══ Data provided
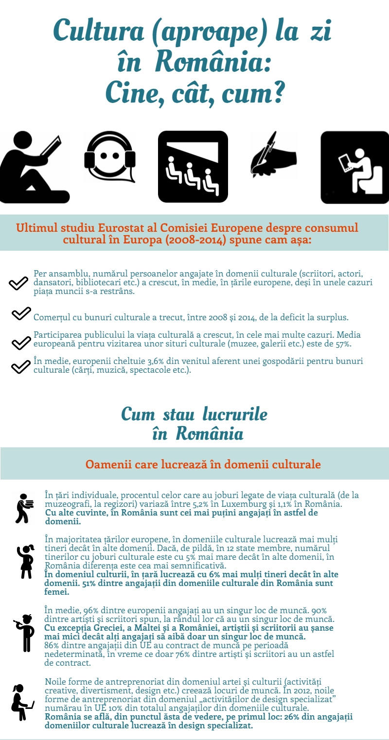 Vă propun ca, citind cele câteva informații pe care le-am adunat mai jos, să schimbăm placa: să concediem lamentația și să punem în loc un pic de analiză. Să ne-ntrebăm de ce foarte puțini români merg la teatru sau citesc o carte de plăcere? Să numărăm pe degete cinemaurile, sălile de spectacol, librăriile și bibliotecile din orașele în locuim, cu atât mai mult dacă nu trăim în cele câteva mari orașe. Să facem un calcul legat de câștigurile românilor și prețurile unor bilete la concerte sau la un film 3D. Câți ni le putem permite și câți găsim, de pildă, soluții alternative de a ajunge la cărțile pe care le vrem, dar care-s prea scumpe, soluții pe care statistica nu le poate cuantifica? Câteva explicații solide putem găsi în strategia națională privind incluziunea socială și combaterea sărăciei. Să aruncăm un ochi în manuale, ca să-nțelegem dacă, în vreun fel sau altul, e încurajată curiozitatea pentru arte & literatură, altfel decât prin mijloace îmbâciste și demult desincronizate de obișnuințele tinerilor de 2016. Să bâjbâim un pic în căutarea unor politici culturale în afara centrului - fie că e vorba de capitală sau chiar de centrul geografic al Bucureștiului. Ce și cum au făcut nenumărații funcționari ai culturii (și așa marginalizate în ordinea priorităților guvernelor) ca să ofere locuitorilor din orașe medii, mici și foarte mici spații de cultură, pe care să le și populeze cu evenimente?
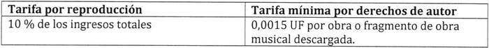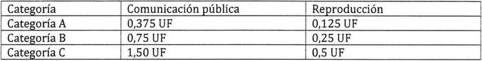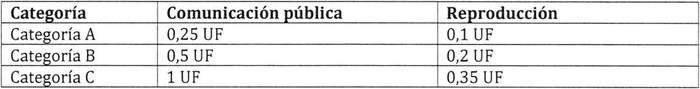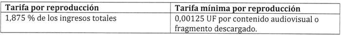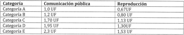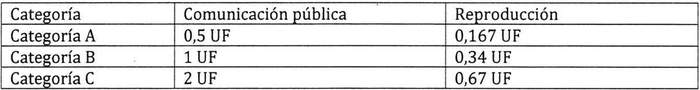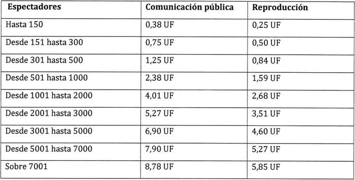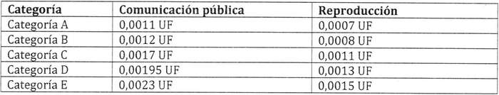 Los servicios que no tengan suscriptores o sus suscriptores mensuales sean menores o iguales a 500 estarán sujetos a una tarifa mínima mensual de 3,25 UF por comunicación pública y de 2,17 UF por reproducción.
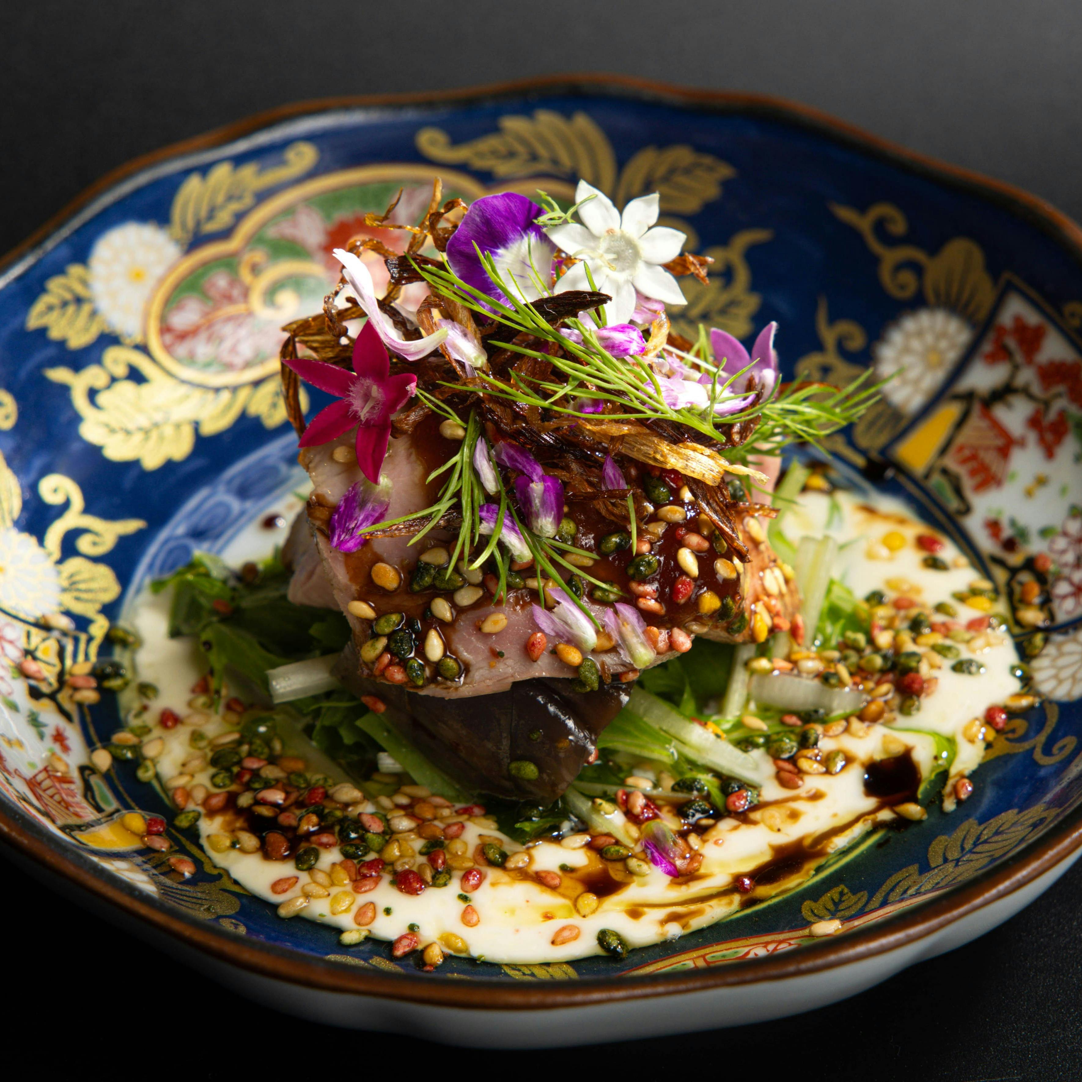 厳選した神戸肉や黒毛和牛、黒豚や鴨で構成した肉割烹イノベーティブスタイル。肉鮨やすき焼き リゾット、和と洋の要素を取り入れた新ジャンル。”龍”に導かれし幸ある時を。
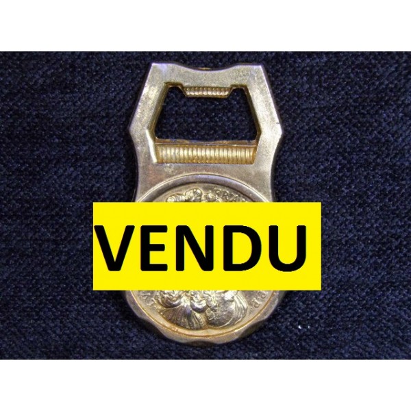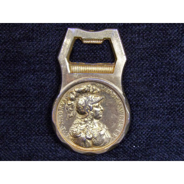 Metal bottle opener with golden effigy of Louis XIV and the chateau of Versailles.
════
▸ Work to complete
Down to the last line, reproduce the material above exactly; skip its images.

▸ Exercise result
 Vă propun ca, citind cele câteva informații pe care le-am adunat mai jos, să schimbăm placa: să concediem lamentația și să punem în loc un pic de analiză. Să ne-ntrebăm de ce foarte puțini români merg la teatru sau citesc o carte de plăcere? Să numărăm pe degete cinemaurile, sălile de spectacol, librăriile și bibliotecile din orașele în locuim, cu atât mai mult dacă nu trăim în cele câteva mari orașe. Să facem un calcul legat de câștigurile românilor și prețurile unor bilete la concerte sau la un film 3D. Câți ni le putem permite și câți găsim, de pildă, soluții alternative de a ajunge la cărțile pe care le vrem, dar care-s prea scumpe, soluții pe care statistica nu le poate cuantifica? Câteva explicații solide putem găsi în strategia națională privind incluziunea socială și combaterea sărăciei. Să aruncăm un ochi în manuale, ca să-nțelegem dacă, în vreun fel sau altul, e încurajată curiozitatea pentru arte & literatură, altfel decât prin mijloace îmbâciste și demult desincronizate de obișnuințele tinerilor de 2016. Să bâjbâim un pic în căutarea unor politici culturale în afara centrului - fie că e vorba de capitală sau chiar de centrul geografic al Bucureștiului. Ce și cum au făcut nenumărații funcționari ai culturii (și așa marginalizate în ordinea priorităților guvernelor) ca să ofere locuitorilor din orașe medii, mici și foarte mici spații de cultură, pe care să le și populeze cu evenimente?
 Los servicios que no tengan suscriptores o sus suscriptores mensuales sean menores o iguales a 500 estarán sujetos a una tarifa mínima mensual de 3,25 UF por comunicación pública y de 2,17 UF por reproducción.
 厳選した神戸肉や黒毛和牛、黒豚や鴨で構成した肉割烹イノベーティブスタイル。肉鮨やすき焼き リゾット、和と洋の要素を取り入れた新ジャンル。”龍”に導かれし幸ある時を。
 Metal bottle opener with golden effigy of Louis XIV and the chateau of Versailles.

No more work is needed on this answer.